Month 1 With Your Baby!
At a month old, your baby is becoming more curious and connected with the world around her. While crying and sleeping are still at the forefront of her activities her fast developing physical capabilities mean she is now kicking and waving arms and may even return a smile to your voice or funny faces (although at this stage it’s still likely wind!). Only a couple more short weeks until she’s genuinely smiling back at you, a reward which makes all the sleepless nights worth it.
Month 1 Of What To Expect From Your Baby
Sleeping is still her main activity and if you’re lucky you may be starting to see longer stretches at night. Don’t stress if not though, it’s completely normal not to see this for another month or two.
Crying is also still quite normal at this stage, particularly in the afternoon. Sometimes, babies will go through bouts of extended crying, which doctors refer to as colic (and are not really sure of the cause). Rocking can help in this instance. As will going through the regular checkpoints to see if there’s something baby is trying to tell you, be it hunger, they need comfort/soothing, they might be uncomfortable, too hot or cold ect. While colic can be a really tiring and stressful time for parents (who are already sleep deprived) reach out if you need some help from a sleep consultant or doctor.

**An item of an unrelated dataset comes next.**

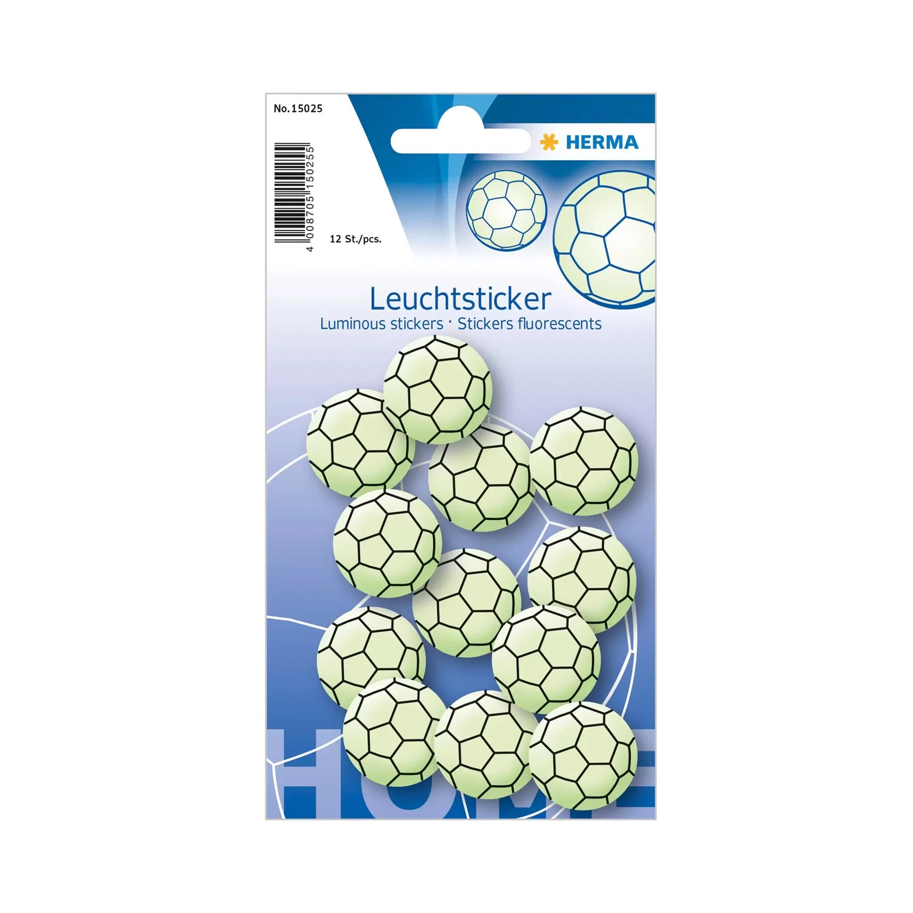 Herma Самозалепващи се етикети Футболна топка, светещи в тъмно, 12 броя

By now, baby can recognise you more clearly and you may have noticed her following with her eyes and ears – she can see and hear much better and is taking an interest in the world around her. Don’t be alarmed if she looks ‘crossed-eyed’ at times, this is because she still has trouble focusing on things at close range.
While baby is getting much stronger muscles doing bicycle kicks and waving her arms, you still need to support her neck and head when you are carrying her. ‘Tummy time’ as this age is important in helping baby strengthen those neck muscles. Put her down on her tummy for a few minutes at each awake time each day and she will try to lift her head up on her own. It will take a while before she can hold it up on her own though. Of course, never do tummy time in an unsafe area or leave baby unattended in this position. Some babies hate tummy time, others love it. Let your baby guide you, however, remember it’s an important developmental activity to do with your baby.

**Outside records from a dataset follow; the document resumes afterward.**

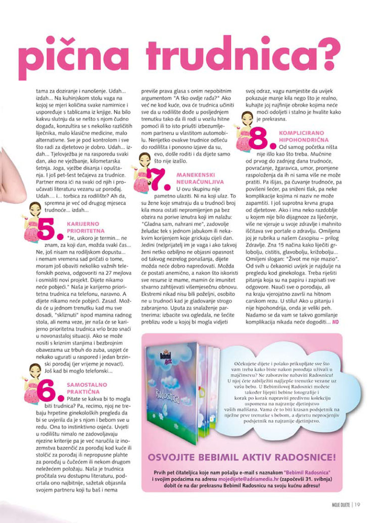 U svakom broju očekuje vas zanimljivi modni editorijal te redovne kolumne: bebina kolumna, kolumna mame te bračnog para s djetetom. Pratimo novitete na tržištu od modnih, kozmetičkih do medicinskih novosti koji mogu olakšati svakodnevicu trudnica, roditelja i djece.
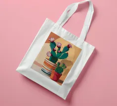 Piccolo cactus in vaso a forma di cubo con pittura fauvismo stile arte
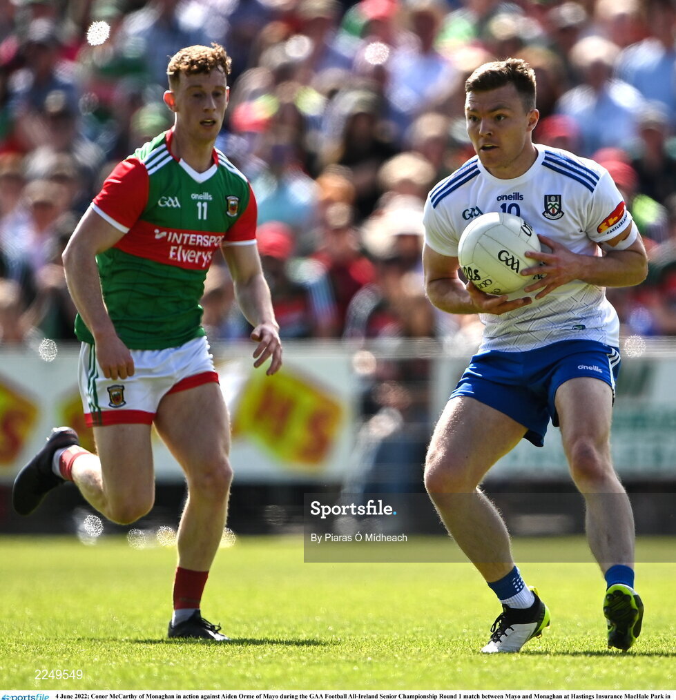 4 June 2022; Conor McCarthy of Monaghan in action against Aiden Orme of Mayo during the GAA Football All-Ireland Senior Championship Round 1 match between Mayo and Monaghan at Hastings Insurance MacHale Park in Castlebar, Mayo. Photo by Piaras Ó Mídheach/Sportsfile
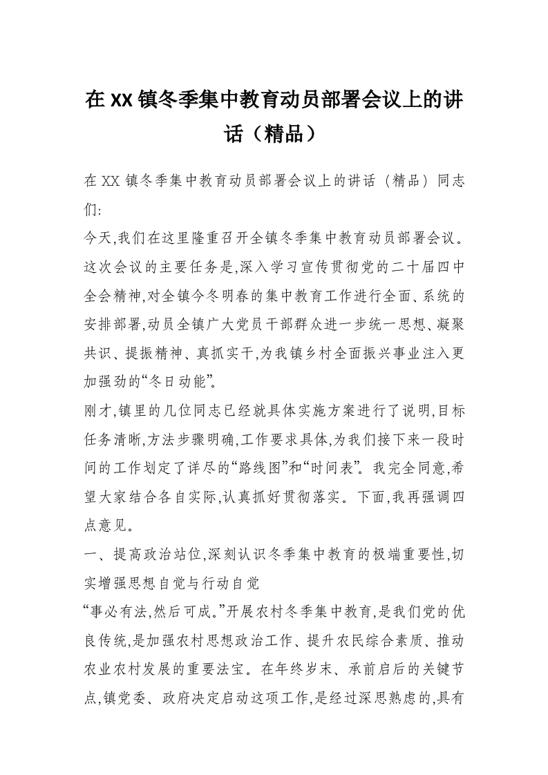 首页学习提升在XX镇冬季集中教育动员部署会议上的讲话(精品)

Try this: encourage baby communicate by having a conversation with her, even if it is rather one sided for now. She will love it! Place your face close to hers and talk happily. Then give her a chance to respond back. At this stage you may see attempted smiles, gurgles, or just her mouth move.
Listening to advice
Raising a baby is not easy. There’s so many decisions to make and things to learn and often a ton of information being thrown your way from everyone and everywhere. Some people are worried about over feeding or ‘spoiling’ their babies with too much attention, based on perhaps what an aunty or mother has advised them. Your baby actually needs lots of cuddling and holding and can never have too much of this. As for the size of your baby and feeding, your baby is growing rapidly at this stage and there is a lot of variation in what’s considered normal weight in babies. For example, a baby who was large at birth may not gain as much as a lower birth weight baby. And contrary to what you also may have been told, bottle fed baby’s are not always on the larger side. Try and forget all the generalisations.

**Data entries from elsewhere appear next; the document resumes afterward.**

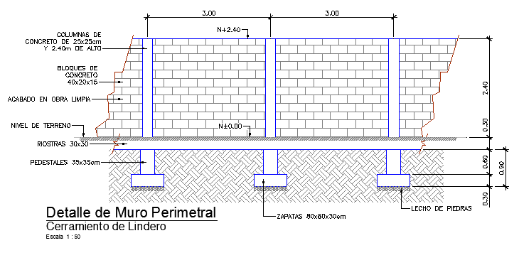 Here the detailed drawing of perimeter wall showing sectional elevation with material description, foundation detail, dimensions, etc., in autocad drawing.
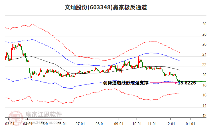 依據(jù)贏家江恩系統(tǒng)趨勢(shì)工具極反通道分析判斷文燦股份603348運(yùn)行在生命線(xiàn)以下弱勢(shì)區(qū)域,根據(jù)規(guī)則該股短線(xiàn)輕倉(cāng)參與,股價(jià)跌至弱勢(shì)外軌線(xiàn)后波段再結(jié)合其它工具信號(hào)建倉(cāng)。應(yīng)用口訣是:生命線(xiàn)上強(qiáng)勢(shì)走,生命線(xiàn)下難抬頭;紅黃兩條外軌線(xiàn),壓力支撐顯勢(shì)頭。
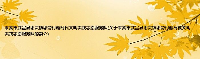 来宾市武宣县思灵镇思劳村新时代文明实践志愿服务队(关于来宾市武宣县思灵镇思劳村新时代文明实践志愿服务队的简介)
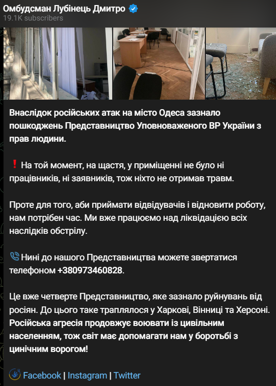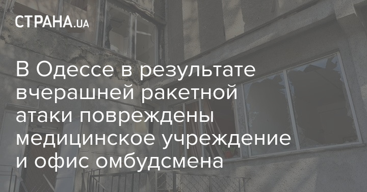 В Одессе в результате вчерашней ракетной атаки повреждены медицинское учреждение и офис омбудсмена
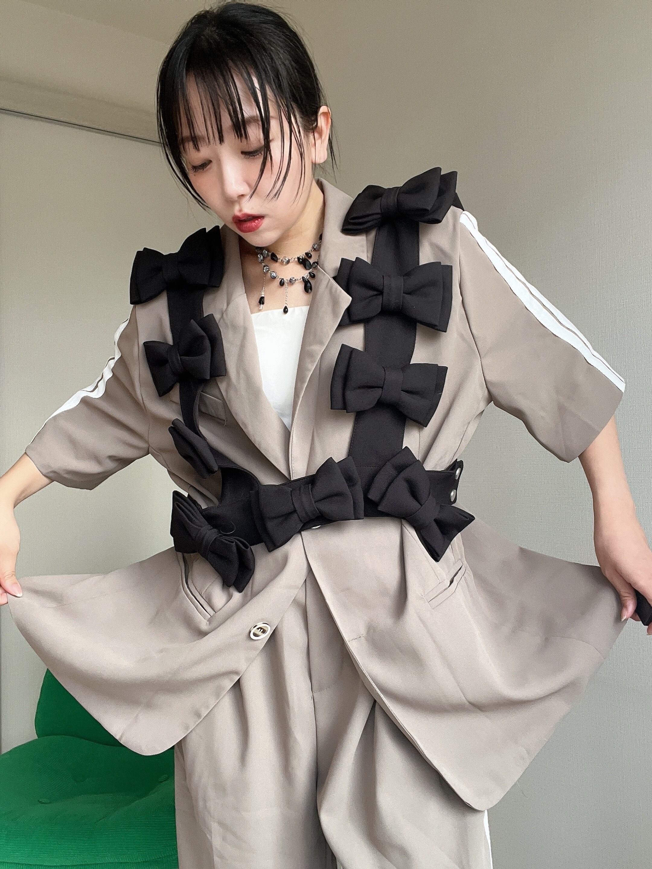 ベストのように重ねるだけで、シンプルなコーデが一気にアートピースに。

Reliable signs your baby is getting enough milk
The most reliable way to tell if your baby is getting enough milk at this stage is to feed on demand, and check how many wet nappies they have are having. There should be 5 very wet nappies in a 24 hour period and usually 3 or more soiled nappies (or bowel movements) each day. Baby should be putting on weight and some length and head circumference, which can be assessed at her check-ups. Simply seeing if baby is contended after each feed is not reliable since some babies go through phases of feeding more frequently, or if they are breastfeed, choose to nurse for other reasons such as comfort.
Month 1 Of What To Expect From Yourself
You are still probably losing a lot of sleep getting up for multiple night time feedings. It’s a good idea to establish a bedtime routine at this stage to ease baby into understanding that night time is for sleeping, as this will be important later. A simple bedtime routine can be a nice warm bath and then reading a book or baby massage before a cuddle and then sleep. Do not worry about ‘cuddling your baby to sleep’ at this stage or any other such sleep association. If it feels right to you, do it. Your baby is too young at this stage to be enforcing any sort of sleep training or being left to cry it out and current evidence now suggests doing so is not the best for baby.
” During feeding I’d heat up a heat pack and place it in my babies bassinet to warm the mattress, while I finished feeding. That way, when I placed baby back down into the bassinet, she wasn’t going from my warm arms to something icy cold, as the heat pack had warmed the surface of mattress. Seemed to work like a treat and she didn’t stir. ” Terri
If you’re finding it hard to wind back down after the hour long feeding and changing process in the middle of the night, try keeping only a very dim light on while you’re feeding and avoid ‘scrolling’ on your phone.
If your baby has not been weighed until now after the birth, this is a good time to do it. They will also check your baby’s length and head circumference. While you are getting this done at the health centre, clear any other doubts you may have about baby’s development.